Just as she was poised with her finger over the bell, she heard noises coming from inside. She stopped. What had she even been thinking—that she would throw herself on the mercy of some wise old boddhisattva and learn to lead a life of mindful solitude? She ran back down the steps and kept running until she passed the tow pound and the Navy Yard, then jogged parallel to the BQE and finally up her own front stoop. A wave of exhaustion hit her as she unlocked the door to the building, and she dragged herself up the inner staircase with exaggerated, zombielike slowness.

When she arrived at her apartment door, she gasped: there was a letter taped to it. It was from Mr. Horton, or “99 Emerson LLC,” as he liked to call himself these days. It informed her that she had exceeded the proscribed amount of time in which to make her decision and was now being evicted. She had a month to gather her things, find a new apartment, and move.

Amy unlocked the door, fell into the bathroom, opened the medicine cabinet, and scrabbled around behind a box of tampons until she found her emergency Camels, stale but still smokable. She felt too weak to go outside again, so she knelt by the open back window of her apartment and chain-smoked until she was about to pass out, then lay down on the floor and stared up at the ceiling. How was it possible that in just a few hours she had gone from okay to destitute and homeless? How could a destitute homeless person be in possession of a Comme des Garçons wallet, a pair of Worishofer sandals, a fridge with Moroccan oil-packed sun-dried tomatoes in it—all these accoutrements of bourgeois stability, but none of the actual stability itself? Should she call her parents? She could not even bring herself to imagine the conversation. She would call Bev. No, Bev was dealing with so much of her own shit right now. Really, she should call Sam. What was a boyfriend for, if not to console you when you were having a crisis?

 

19

Sam’s studio was in the Pencil Factory, a warehouse building in Greenpoint that reminded Amy of the best things about college. The stairwells always smelled like paint and hand-rolled cigarettes, and the whole thing was heated unevenly by big old radiators. Amy loved visiting Sam there, seeing all the other artists in the hallways and on the roof; it was so cheering to know that there were still people who made their living by creating physical things—even if some of them were commercial illustrators and graphic designers. Well, Sam wasn’t, anyway! He was just a guy who made giant oil paintings of Cuisinarts.

They went up to the roof to talk.

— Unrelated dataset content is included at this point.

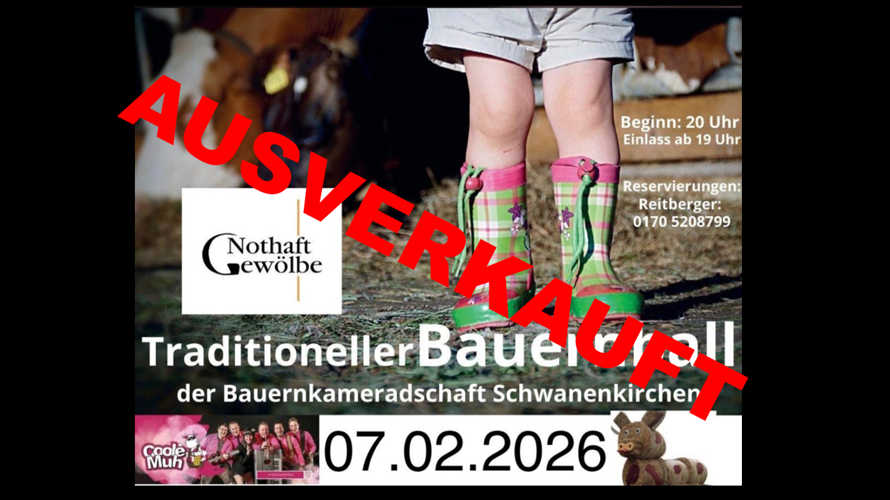 Traditioneller Bauernball der Bauernkameradschaft Schwanenkirchen AUSVERKAUFT mit der Band Coole [...]

It was still cool, and getting dark alarmingly early. Amy pulled out her pack of stale Camels. Sam made a face.

“What? I told you, I’m freaking out! I’m allowed to smoke!”

“I’m not going to want to kiss you if you smoke that, baby,” Sam said, pulling her close and pushing her hand away from the pack. Amy felt a stab of rage. Who cared about kissing? She needed to smoke more than she needed a kiss. But she put the Camels away. She also needed Sam on her side.